━━━ DATA SEGMENT ━━━

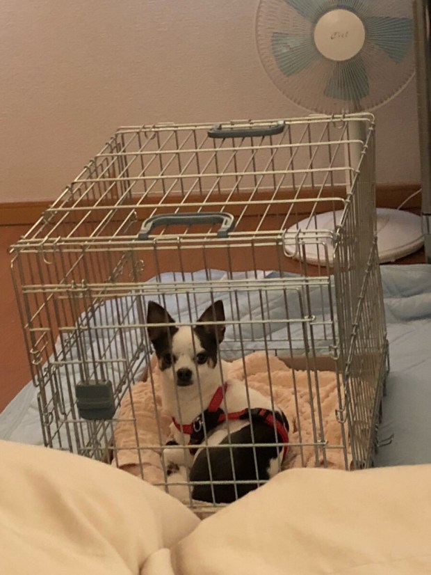 朝まで大人しく、シッコもしないで良い子にしておりました。
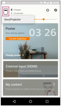 - Pärast seadme nime muutmist saate kontrollida muudetud projektori nime, vajutades erirakenduse avalehel
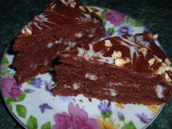 Верх порываем глазурью: 1 ст.л какао, 1 ст.л сметаны, 1 ст.л сахара, 1 ст.л сл. масла- все разогреть, хорошо растереть до однородной консистенции и быстро залить торт.
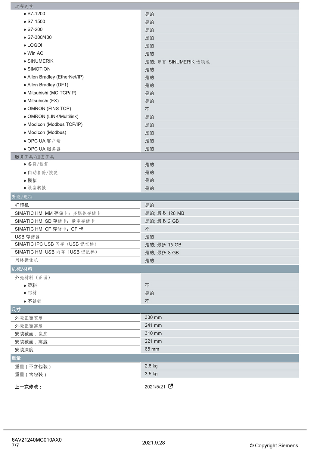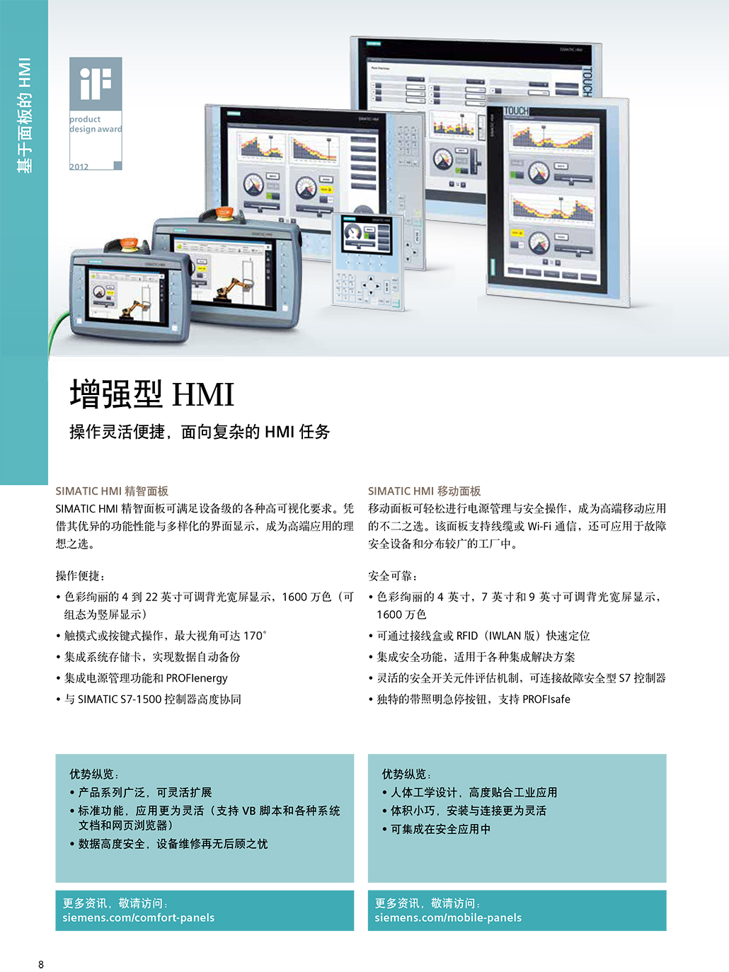 寬屏幕顯示尺寸從4in到22in(1in=0.0254m),可進行觸摸操作或按鍵操作;有效的節能管理;萬一發生電源故障,可確保百分百的數據安全;使用系統卡來簡化項目傳輸;可在危險區域中使用;同時支持PROFIBUS/MPI接口和PROFINET(LAN)接口;支持多種通信協議,例如:PROFIBUS、PROFINET以及方協議。

━━━

◆ **WHAT YOU NEED TO DO**:
Transcribe the listing in full. Omit the pictures and keep every line exact.

◆ **COMPLETED TASK**:
 朝まで大人しく、シッコもしないで良い子にしておりました。
 - Pärast seadme nime muutmist saate kontrollida muudetud projektori nime, vajutades erirakenduse avalehel
 Верх порываем глазурью: 1 ст.л какао, 1 ст.л сметаны, 1 ст.л сахара, 1 ст.л сл. масла- все разогреть, хорошо растереть до однородной консистенции и быстро залить торт.
 寬屏幕顯示尺寸從4in到22in(1in=0.0254m),可進行觸摸操作或按鍵操作;有效的節能管理;萬一發生電源故障,可確保百分百的數據安全;使用系統卡來簡化項目傳輸;可在危險區域中使用;同時支持PROFIBUS/MPI接口和PROFINET(LAN)接口;支持多種通信協議,例如:PROFIBUS、PROFINET以及方協議。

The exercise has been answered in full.